Gretchen Schmelzer, a psychologist in Philadelphia who regularly incorporates gratitude exercises into her work with clients, said it could be especially useful during difficult times. Earlier this year, she fell while hiking and broke both legs, leading her to use a wheelchair for six weeks.
To avoid spiraling into negative thoughts while she continues to heal, she tells herself each day to “be thankful for what you can do — and not let yourself focus on what you can’t do,” she said.
“Gratitude allows us to look at what we do have and to feel abundance,” she added.
Finally, although many studies have shown the value of writing a letter expressing appreciation, it doesn’t have to be lengthy or time-consuming. A quick email or text can do the trick.
Be specific.
Imagine that your partner is thanking you for cleaning up the kitchen after dinner. Which statement would you rather hear?
“Thank you!”
Or: “I am grateful that you took the reins and handled all the kitchen duties tonight. I love how we take turns to give one another a break.”
Specificity matters “because it deepens our experience of gratitude,” Dr. Wong said. “It intensifies our grateful emotions and thoughts.”

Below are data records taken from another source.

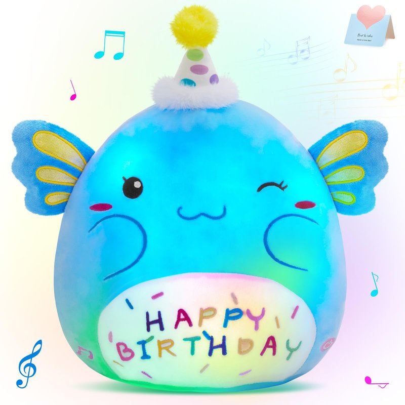 CozyWorld Light up Musical Happy Birthday Axolotl Plush Pillow,LED Stuffed Animals,Blue Axolotl Glowing Plush Toy,Light-up Singing Plush Birthday Gift for Toddler Boys Girls,14''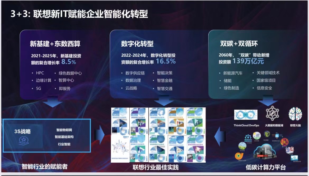 在国家高度重视数字化和绿色化协同发展的背景之下,智能化转型与科学零碳需求,已逐步成为了经济脱胎换骨、绿色发展的关键抓手。联想集团副总裁、中国区基础设施业务群行业销售总经理刘文超表示,联想基于“端-边-云-网-智”技术架构对外输出智能化转型解决方案的同时,也将持续外化绿色创新技术与服务,引领制造行业的可持续发展。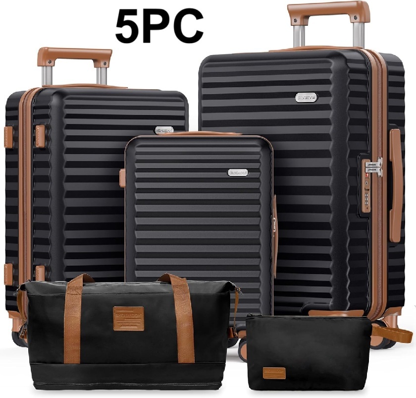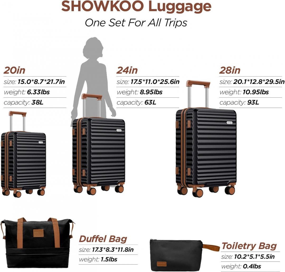 5pc SHOWKOo Hardside Expandable Suitcase luggage set with Double Spinner Wheels and tsa locks - 20"/24"/28" - black/brown (model: SK-3P5)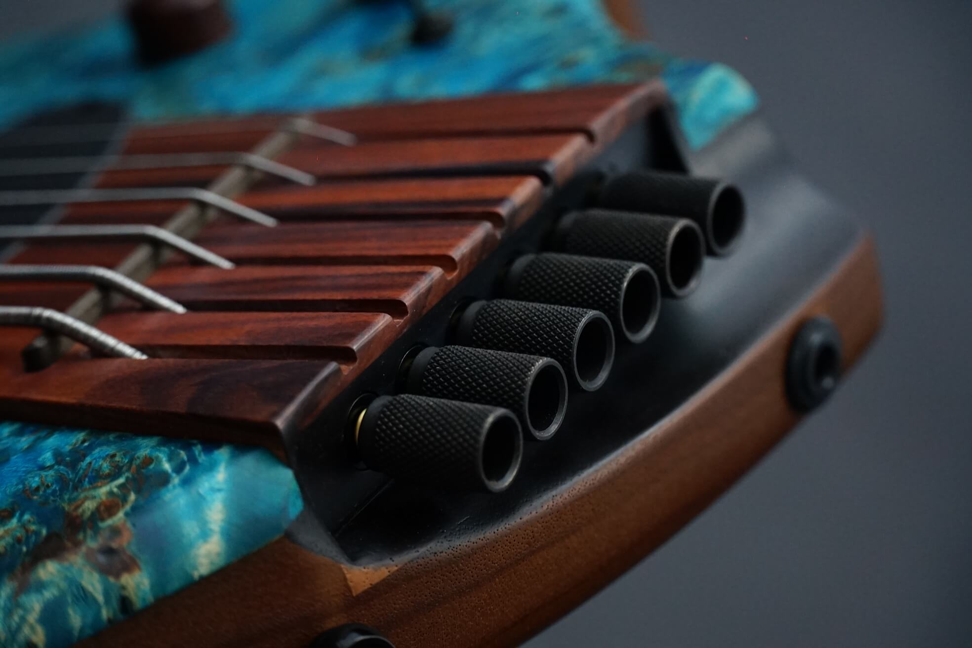 The Delano Xtender, paired with the Stradi piezo system, opens up an expansive palette of tones, from deep, thunderous lows to bright, articulate highs. The original tuner concept, cleverly integrated into the neck structure, reduces weight and enhances the organic flow of the design. A truly unique instrument, built to inspire both visually and sonically.

Dr. Wong has created a list of 100 questions that may serve as useful prompts when thinking about gratitude in a more specific way, whether you are thanking someone else or listing the things in your life that you feel grateful for.
When doing this exercise, Dr. Wong suggests putting pen to paper.
“The act of writing slows down our thinking process and allow us to ponder more deliberately,” Dr. Wong said. He added, “By writing, we retain a permanent record of our blessings; we can return to our gratitude journaling months or years later to recall what we were grateful for.”